__Data section__
■ ■ ■
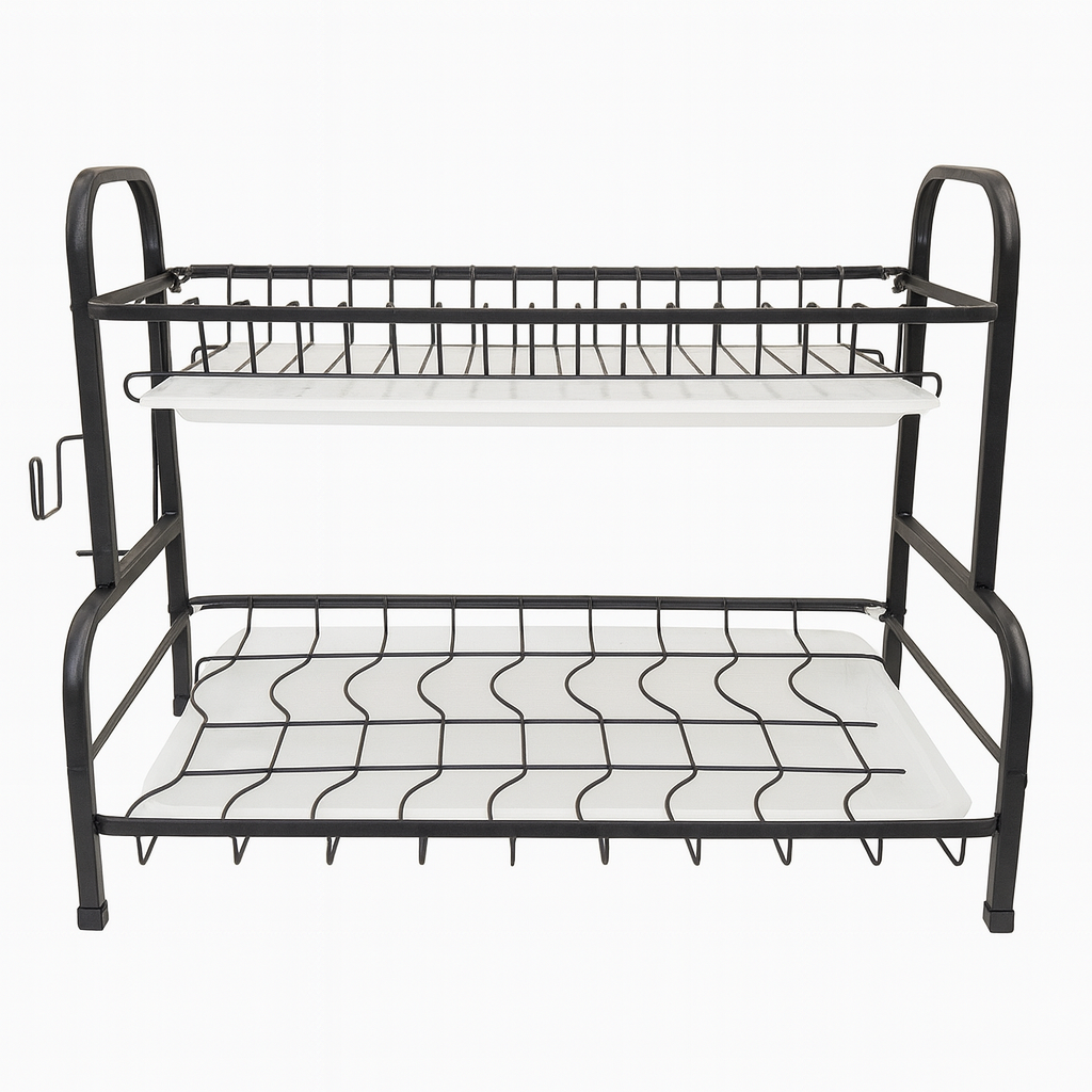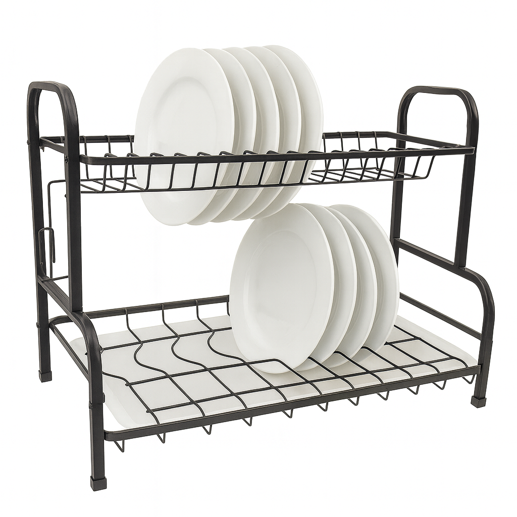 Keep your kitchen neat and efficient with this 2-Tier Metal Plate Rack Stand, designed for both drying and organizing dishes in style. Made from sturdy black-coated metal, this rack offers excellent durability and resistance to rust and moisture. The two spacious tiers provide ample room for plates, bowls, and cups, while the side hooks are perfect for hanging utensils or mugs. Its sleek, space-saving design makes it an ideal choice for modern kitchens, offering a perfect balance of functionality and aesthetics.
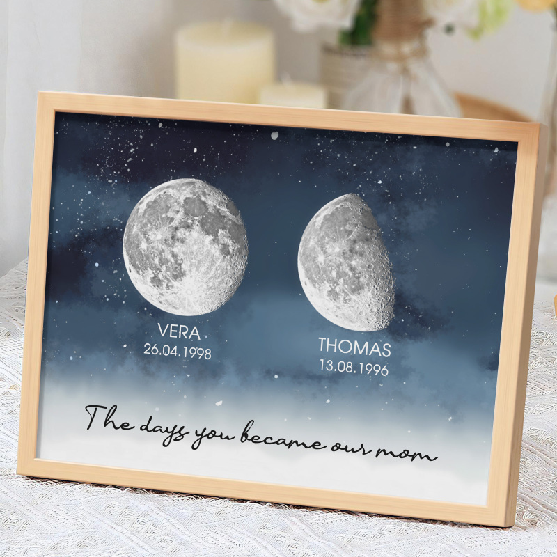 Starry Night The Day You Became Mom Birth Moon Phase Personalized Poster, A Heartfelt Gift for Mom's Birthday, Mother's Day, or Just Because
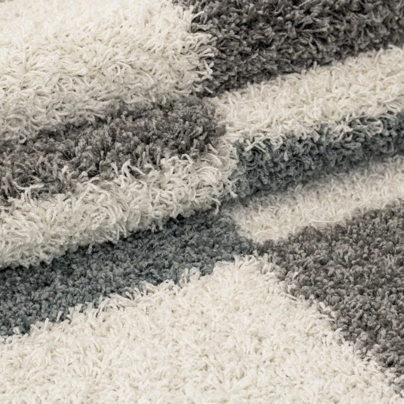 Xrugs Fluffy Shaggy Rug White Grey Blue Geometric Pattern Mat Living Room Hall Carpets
■ ■ ■
Write the listing out again in full and unchanged, minus any pictures.

__Answer to the problem__
 Keep your kitchen neat and efficient with this 2-Tier Metal Plate Rack Stand, designed for both drying and organizing dishes in style. Made from sturdy black-coated metal, this rack offers excellent durability and resistance to rust and moisture. The two spacious tiers provide ample room for plates, bowls, and cups, while the side hooks are perfect for hanging utensils or mugs. Its sleek, space-saving design makes it an ideal choice for modern kitchens, offering a perfect balance of functionality and aesthetics.
 Starry Night The Day You Became Mom Birth Moon Phase Personalized Poster, A Heartfelt Gift for Mom's Birthday, Mother's Day, or Just Because
 Xrugs Fluffy Shaggy Rug White Grey Blue Geometric Pattern Mat Living Room Hall Carpets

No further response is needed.